The C_l matrices were estimated from the noisy projection images. In Fig. 1 G through J we show the reconstructions obtained from 10000 projections using OR at SNR=0.7, and from 40000 projections using OR at SNR=0.35. In our simulations with 10000 images, it takes 416 seconds to perform steerable PCA, 194 seconds to calculate the C_l matrices using the maximum l as 30, and the time to solve the SDP as a function of l ranges from 5 seconds for l = 5 to 194 seconds for l = 30.

5.2. Comparison between OE and OR

We quantify the ‘goodness’ of the reconstruction using the Fourier Cross Resolution (FCR) [22]. In Fig. 3 we show the FCR curves for the reconstruction from the β₄ complex using OE and OR. The additional information in OR, from the projection images of α₄, results in a better reconstruction, as seen from the FCR curve.
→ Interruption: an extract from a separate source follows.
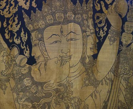 有學(xué)者推測這些唐卡極有可能是在1408年受封為大寶法王的五世噶瑪巴德銀協(xié)巴(1384-1415)返藏之時,或者是1413年、1419年和1423年永樂皇帝派遣使臣賞賜西藏僧俗首領(lǐng)而隨之到達(dá)西藏的。從國內(nèi)的收藏地來看,還有大昭寺、布達(dá)拉宮、瓊果杰寺等與格魯派有關(guān)的寺院,這似乎又意味著受禮者也有可能還包括受封為大慈法王的格魯派高僧釋迦也失(1354-1435)。
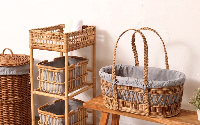 | 材質 | ラタン(籐)、内布 ※内布は洗濯すると縮むことがあります。 |

The Kv1.2 complex has C4 symmetry, which reduces the rank of the C_l matrices. Our experiment thus benefits from the reduced size of the orthogonal matrices to be recovered.

Fig. 3. FCR curve for reconstruction from β₄ (clean images).

6. Summary

We presented two new approaches based on Kam's theory for ab-initio modelling of macromolecules for SPR from cryo-EM. Ab-initio modelling of small complexes is a challenging problem in cryo-EM because it is difficult to detect common lines between noisy projection images at low SNR. Our methods only require reliable estimation of the covariance matrix of the projection images which can be met even at low SNR if the number of images is sufficiently large. In future work we plan to estimate the covariance matrix when images are not centered, and to apply our methods to experimental datasets.